-- Excerpted records follows --

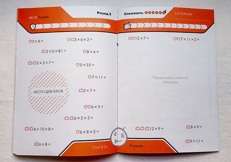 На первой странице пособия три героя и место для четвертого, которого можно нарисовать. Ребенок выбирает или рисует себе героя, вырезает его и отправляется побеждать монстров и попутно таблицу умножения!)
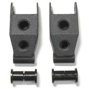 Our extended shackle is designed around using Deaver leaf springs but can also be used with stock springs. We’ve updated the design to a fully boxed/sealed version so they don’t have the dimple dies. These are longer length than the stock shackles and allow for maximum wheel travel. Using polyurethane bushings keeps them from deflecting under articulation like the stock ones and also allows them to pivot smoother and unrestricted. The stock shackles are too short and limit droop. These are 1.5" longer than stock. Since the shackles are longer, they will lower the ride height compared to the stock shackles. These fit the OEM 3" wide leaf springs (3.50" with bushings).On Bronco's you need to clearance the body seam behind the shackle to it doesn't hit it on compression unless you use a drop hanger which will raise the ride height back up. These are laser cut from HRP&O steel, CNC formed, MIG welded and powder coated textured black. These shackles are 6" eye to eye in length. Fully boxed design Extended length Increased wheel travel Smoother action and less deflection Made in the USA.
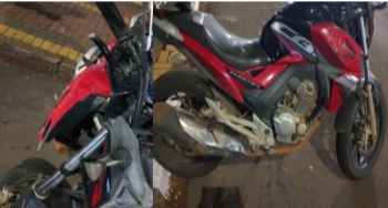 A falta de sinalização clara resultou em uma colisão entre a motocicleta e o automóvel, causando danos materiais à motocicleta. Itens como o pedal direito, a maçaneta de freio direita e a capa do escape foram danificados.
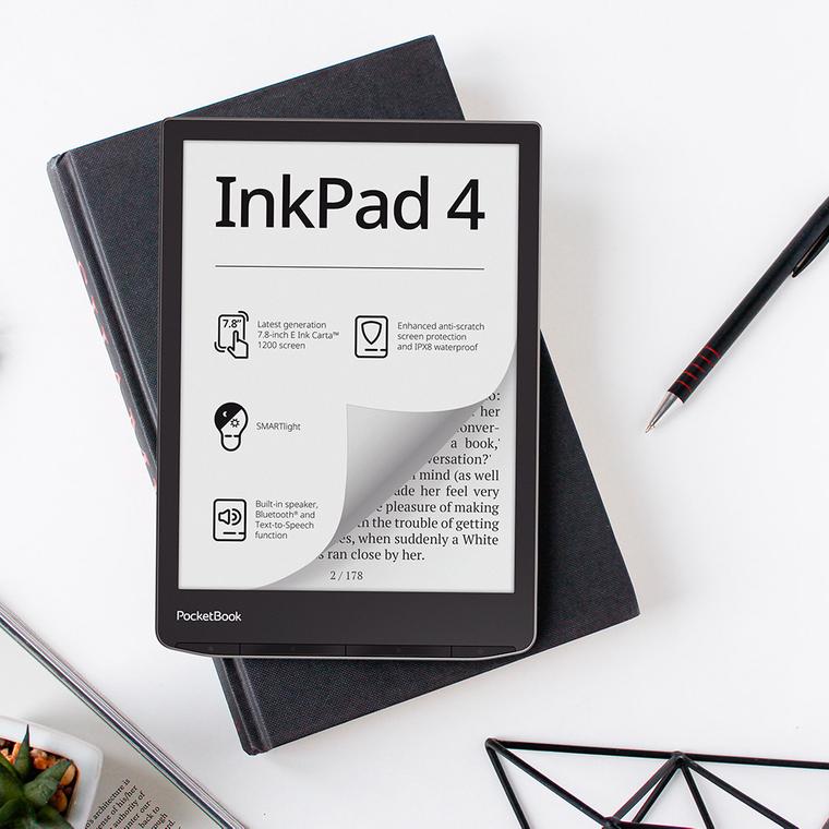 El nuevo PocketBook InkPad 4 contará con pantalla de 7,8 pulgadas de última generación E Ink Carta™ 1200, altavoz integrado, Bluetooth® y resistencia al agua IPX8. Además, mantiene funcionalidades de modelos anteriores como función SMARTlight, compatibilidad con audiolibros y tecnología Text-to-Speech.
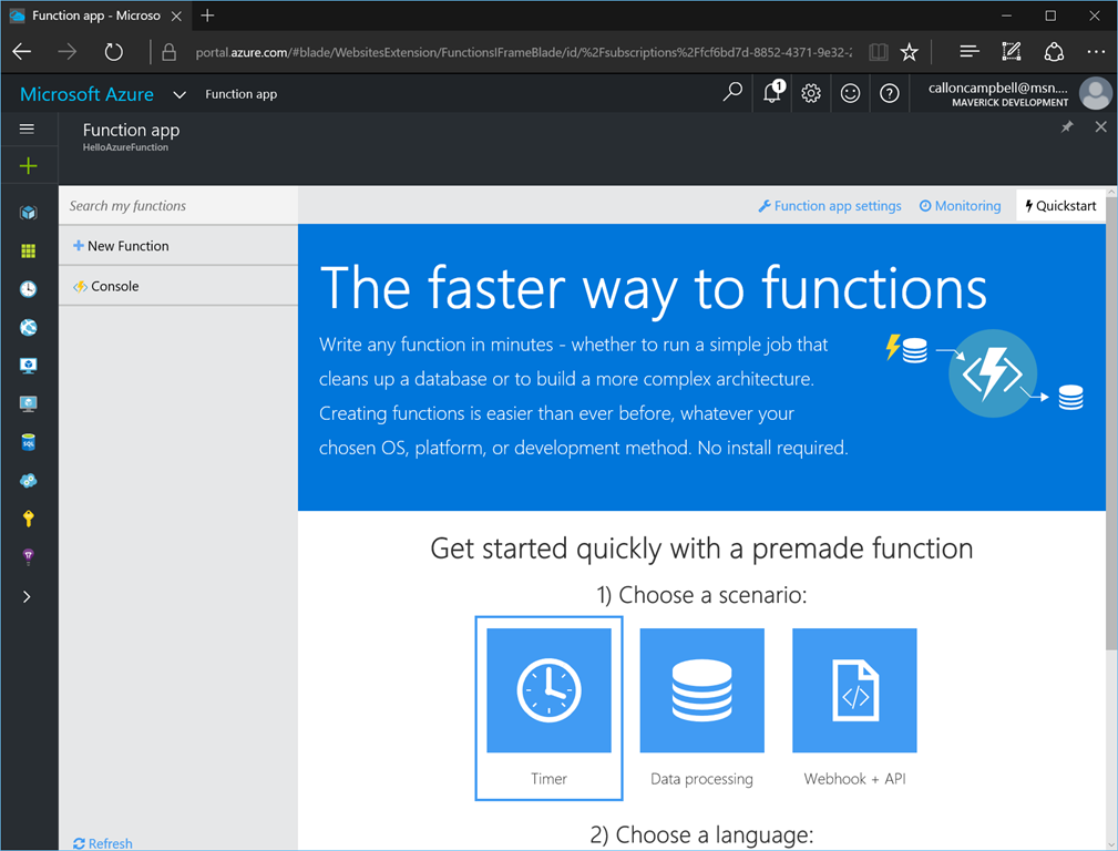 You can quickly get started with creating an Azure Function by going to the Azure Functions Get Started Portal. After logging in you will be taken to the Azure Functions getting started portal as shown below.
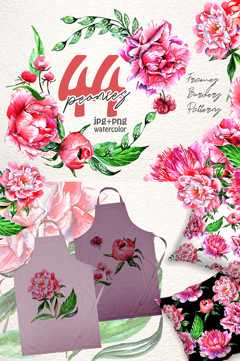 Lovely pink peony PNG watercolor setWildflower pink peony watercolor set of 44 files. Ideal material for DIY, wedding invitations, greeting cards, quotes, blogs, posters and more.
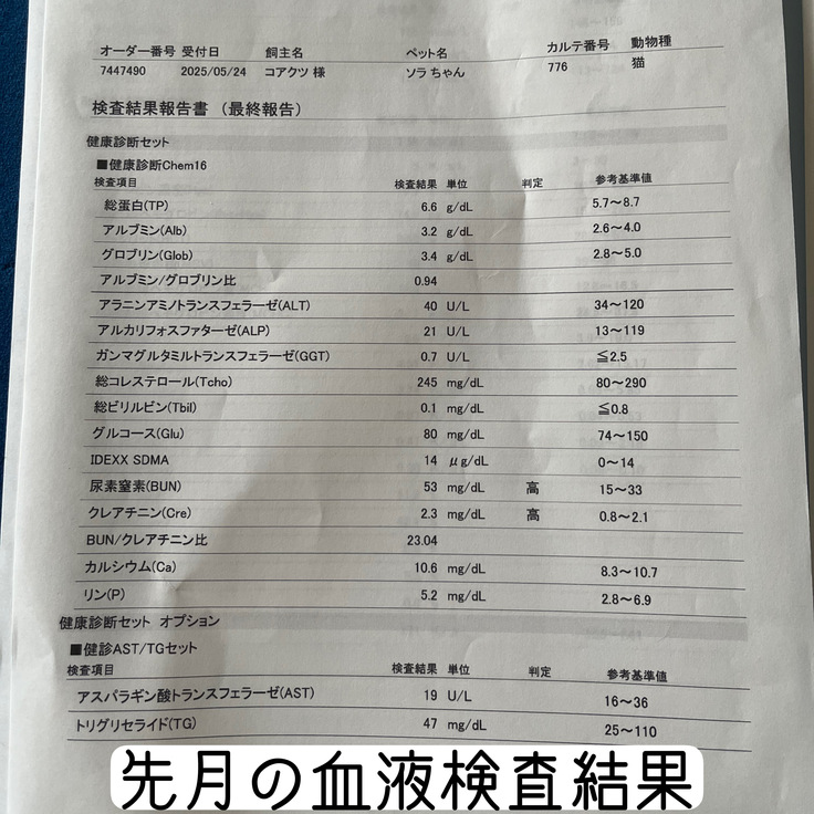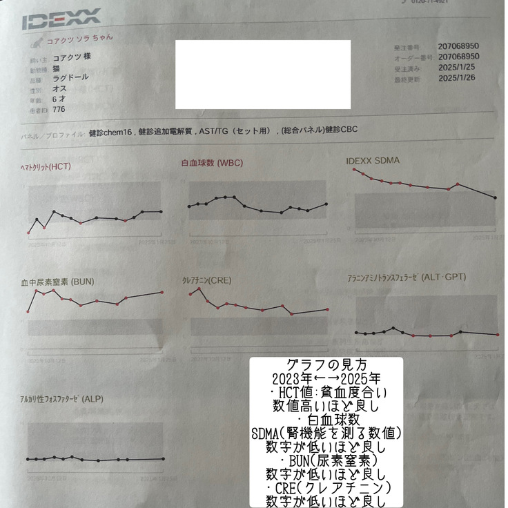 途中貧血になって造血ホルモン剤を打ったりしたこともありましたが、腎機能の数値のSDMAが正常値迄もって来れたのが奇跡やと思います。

-- Excerpted records concluded --

» Instructions for the task:
An exact copy of the entries, without any pictures, is what the answer should be.

» Exercise solution:
 На первой странице пособия три героя и место для четвертого, которого можно нарисовать. Ребенок выбирает или рисует себе героя, вырезает его и отправляется побеждать монстров и попутно таблицу умножения!)
 Our extended shackle is designed around using Deaver leaf springs but can also be used with stock springs. We’ve updated the design to a fully boxed/sealed version so they don’t have the dimple dies. These are longer length than the stock shackles and allow for maximum wheel travel. Using polyurethane bushings keeps them from deflecting under articulation like the stock ones and also allows them to pivot smoother and unrestricted. The stock shackles are too short and limit droop. These are 1.5" longer than stock. Since the shackles are longer, they will lower the ride height compared to the stock shackles. These fit the OEM 3" wide leaf springs (3.50" with bushings).On Bronco's you need to clearance the body seam behind the shackle to it doesn't hit it on compression unless you use a drop hanger which will raise the ride height back up. These are laser cut from HRP&O steel, CNC formed, MIG welded and powder coated textured black. These shackles are 6" eye to eye in length. Fully boxed design Extended length Increased wheel travel Smoother action and less deflection Made in the USA.
 A falta de sinalização clara resultou em uma colisão entre a motocicleta e o automóvel, causando danos materiais à motocicleta. Itens como o pedal direito, a maçaneta de freio direita e a capa do escape foram danificados.
 El nuevo PocketBook InkPad 4 contará con pantalla de 7,8 pulgadas de última generación E Ink Carta™ 1200, altavoz integrado, Bluetooth® y resistencia al agua IPX8. Además, mantiene funcionalidades de modelos anteriores como función SMARTlight, compatibilidad con audiolibros y tecnología Text-to-Speech.
 You can quickly get started with creating an Azure Function by going to the Azure Functions Get Started Portal. After logging in you will be taken to the Azure Functions getting started portal as shown below.
 Lovely pink peony PNG watercolor setWildflower pink peony watercolor set of 44 files. Ideal material for DIY, wedding invitations, greeting cards, quotes, blogs, posters and more.
 途中貧血になって造血ホルモン剤を打ったりしたこともありましたが、腎機能の数値のSDMAが正常値迄もって来れたのが奇跡やと思います。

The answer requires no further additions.